The opposition must purposefully raise the stakes too-forcing
these arcane matters into wider public awareness and delivering
a stark warning to political elites. If they persist in this objective,
they will ignite a grave constitutional crisis that could destroy
the legitimacy of law and representative government in public
consciousness, that could send angry citizens into the streets
to fight for their rights. Democrats, if they have the backbone,
will draw a hard line of opposition, but Republicans should also
consider whether they wish to advance this revolutionary upheaval
in long-established rights at a time when the country is so embattled.
Senate Democrats, given what has already transpired, are fully
justified in rejecting any nominee for the federal judiciary,
especially the Supreme Court, who sympathizes even distantly with
Epstein's radical reinterpretation of the Constitution. Likewise,
it is quite wrong to confirm nominees for law-enforcement positions
at Justice or the regulatory agencies who demonstrably do not
accept the settled terms of property versus public rights.

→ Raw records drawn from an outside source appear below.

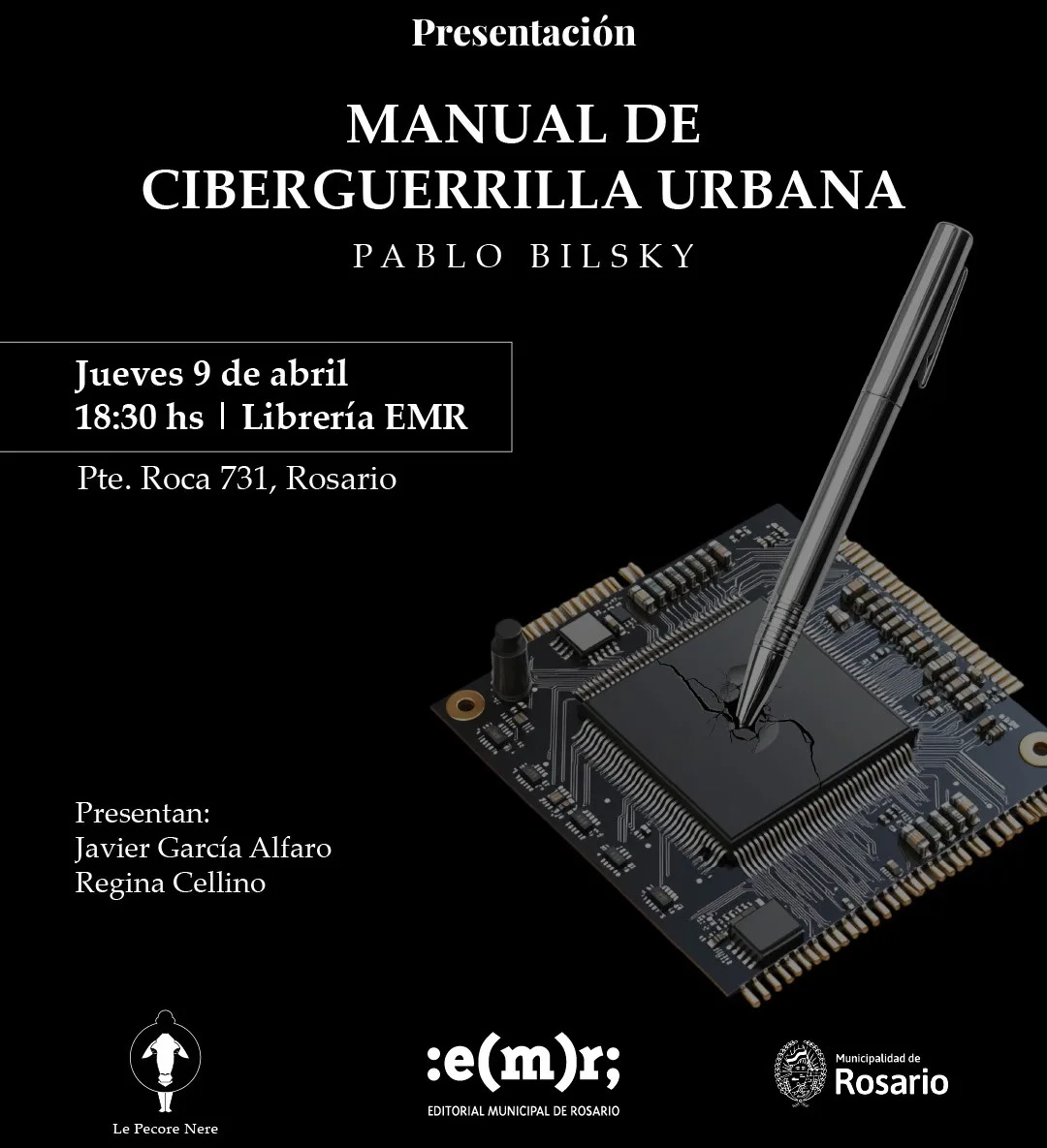 Este jueves 9 de abril, a las 18.30, en la librería EMR (Editorial Municipal de Rosario, Pte. Roca 731), tendrá su presentación Manual de ciberguerrilla urbana (Le Pécore Nere, 2026), reciente libro del periodista, escritor y docente Pablo Bilsky, con la participación del periodista y escritor Javier García Alfaro y la editora y escritora Regina Cellino.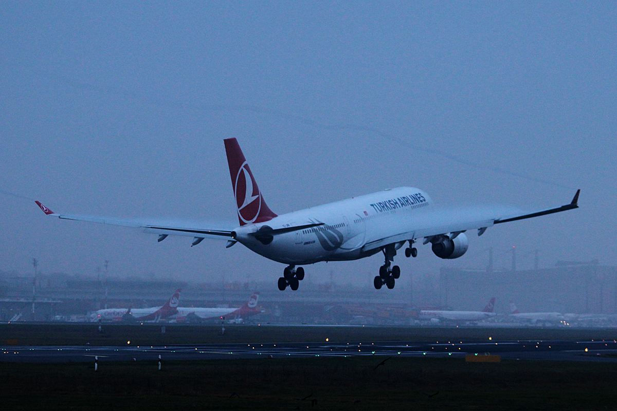 Turkish Airlines A 330-203 TC-JNB bei der Landung in Berlin-Tegel am 14.12.2014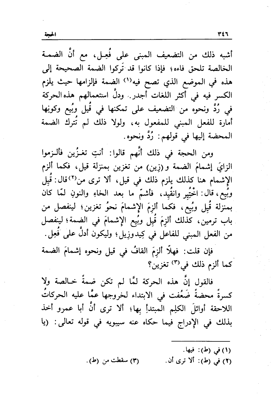 ومن الحجة في ذلك أنّهم قالوا: أنت تغزين فألزموا الزاي إشمام الضمة و (زين) من تغزين بمنزلة قيل، فكما ألزم الإشمام هنا كذلك يلزم ذلك في قيل، ألا ترى من «2» قال: قيل وبيع، قال: اختير وانقيد، فأشمّ ما بعد الخاء والنون لمّا كان بمنزلة قيل وبيع، فكما ألزم الإشمام نحو تغزين، لينفصل من باب ترمين، كذلك ألزم قيل وبيع الإشمام في الضمة، لينفصل من الفعل المبني للفاعل في كيد وزيل، وليكون أدلّ على فعل.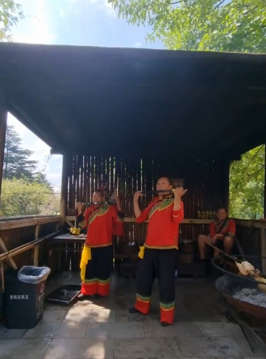 고대 강족(羌族)의 후예로 량산(凉山) 자치주에 주로 거주한다는 이족은 중국에서 일곱 번째로 인구가 많은 민족으로 300여 종의 전통복장이 있다고 한다. 뜨락에 큰 술항아리가 놓인 가옥 안을 둘러보고, 통닭 바비큐를 화로 위에 걸어 놓은 마당 옆 움막에서 이족 남성 두 명이 피리로 연주하는 전통음악에 한참 동안 귀를 기울였다.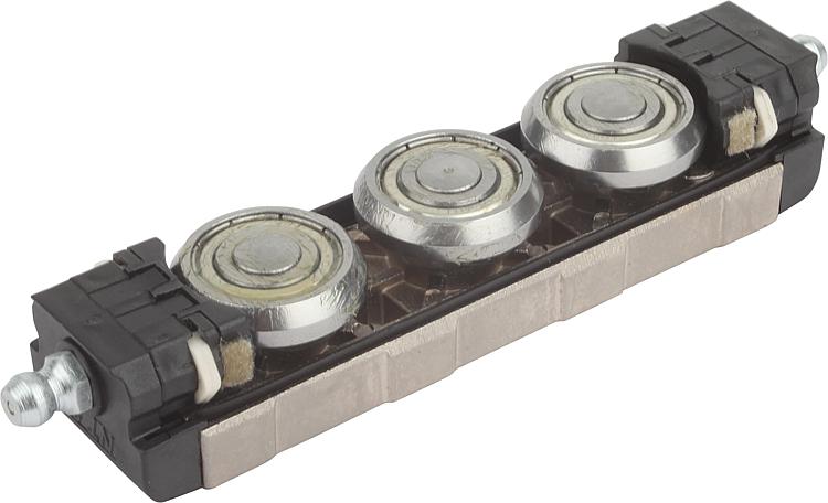 DescriptionMaterial:Race body die-cast aluminium. End pieces polyester. Wipers modified polyamide. longitudinal seals rubber. Rollers steel 1.3505.Version:Runner body nickel-plated.Note:Roller carriage with lifetime lubricated ball bearings and patented wiper technology which lubricates the system while in motion. A simple adjustment of the middle roller makes the roller carriage play-free or sets the desired preload in the rail. High traverse speeds of up to 7 m/s and extremely quiet (faster and quieter than systems with recycling ball bearings).

On the global front, if the Bush Administration wishes to
keep America united, it can promptly defuse this fight-first by
announcing that Chapter I l's peculiar privileges for investors
will not be proposed for any future trade agreements and, second,
by suspending NAFTA's "investor-state" enforcement mechanism
in agreement with Canada and Mexico, at least until the subject
is submitted to serious scrutiny and the full public debate it
never received the first time around. Otherwise, Democrats, including
free traders, should unite to block FTAA or any like-minded proposals.
Opportunistic right-wingers in and out of government may be thinking
they can fog the issue past Americans preoccupied with terrorism.

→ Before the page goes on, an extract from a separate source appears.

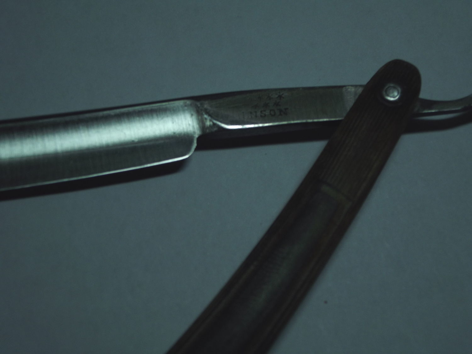 Бритва от деда, помогите определитьВыпросил сегодня у знакомого дедули бритву непонятного толком производителя и неопределенного возраста. Бритва принадлежала человеку, который родился где то лет 100 назад в Тверской губернии, отцу моей учительницы. Бритва на мой взгляд кустарного производства, ручка из рога или кости. Имя видно не полностью - inson (впереди возможны еще одна-две буквы) и семь звездочек. Есть еще знак, похожий на цифру, точнее половинка знака, возможно - 3. Насечек снизу эрла нет, сзади знаков нет. Может кто сможет определить, что за бритва. Дедуля сказал, что возможно дореволюционная.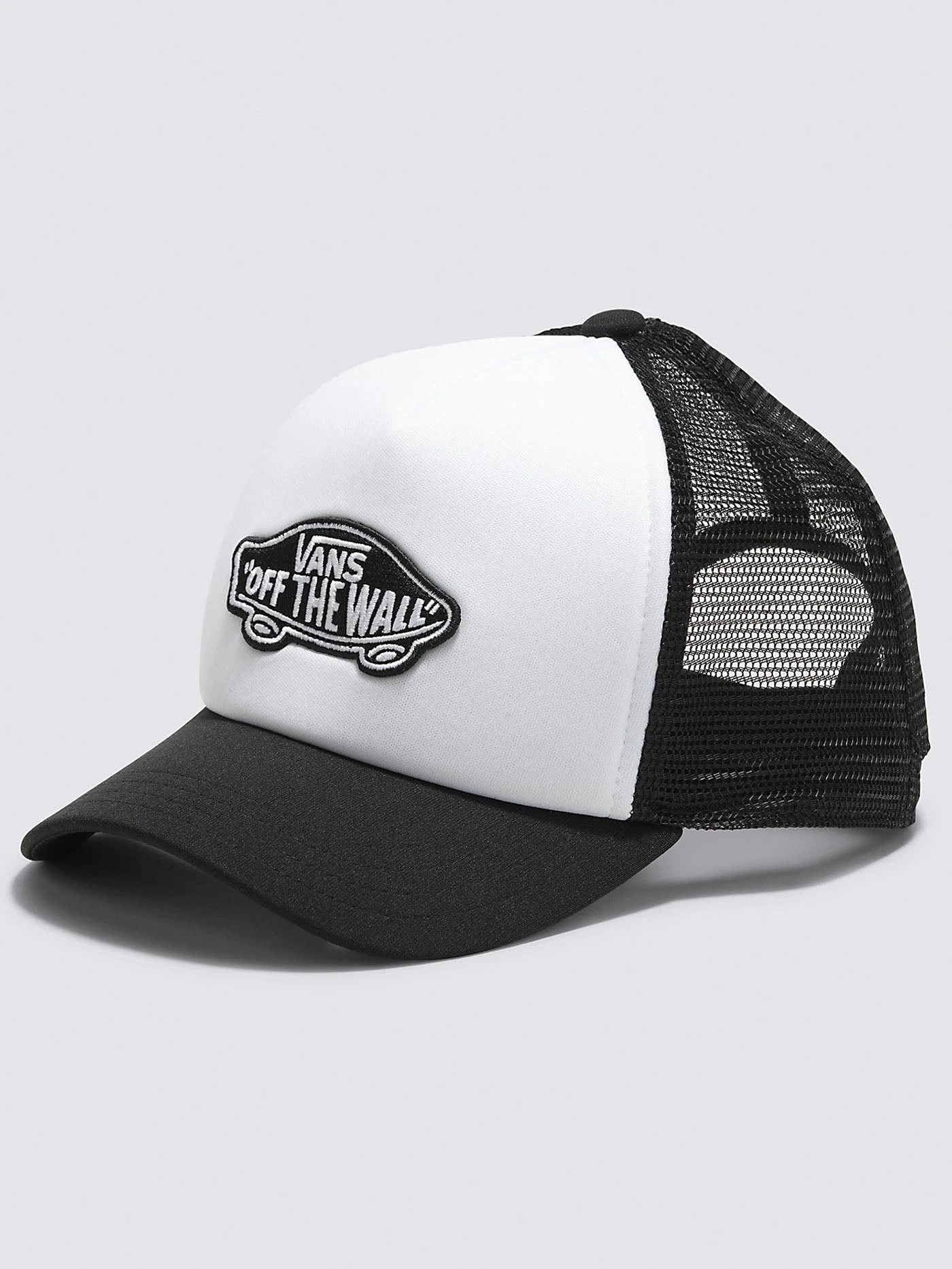 The Kids Classic Patch Curved Bill Trucker Hat features a mesh back with adjustable strap closure for breathability and wearbility, curved bill for a worn-in feel, and classic Vans® patch on front.

Democrats might assume an accommodationist stance in the name
of patriotism. If that occurs, both parties deserve contempt and
attack. The antiglobalization movement, which suspended its protests
in deference to the crisis, may have to remobilize quickly. This
time deep throngs should surround not the IMF and World Bank but
the White House, the Capitol and the Supreme Court as well.
The demonstrators should also target the lofty nameplates
of America's multinational corporations and banks. If some sources
are correct, US companies are more ambivalent about Chapter 11
than the lawyers who represent them. Perhaps they did not fully
understand what they were promoting in NAFTA, any better than
politicians or the public did. To test the proposition, these
firms should be pressured directly to back off. If they refuse
to concede, they will find that the controversy generated by their
exclusive rights may well doom their other long-term objectives
in globalization politics. In other words, the mighty are vulnerable
on this issue, and some of them evidently know it. While the ranks
of citizen protesters gather to confront titans of global commerce
and finance, they may also wish to send marchers on some of those
Washington law firms.
William Greider is The Nation s national affairs correspondent.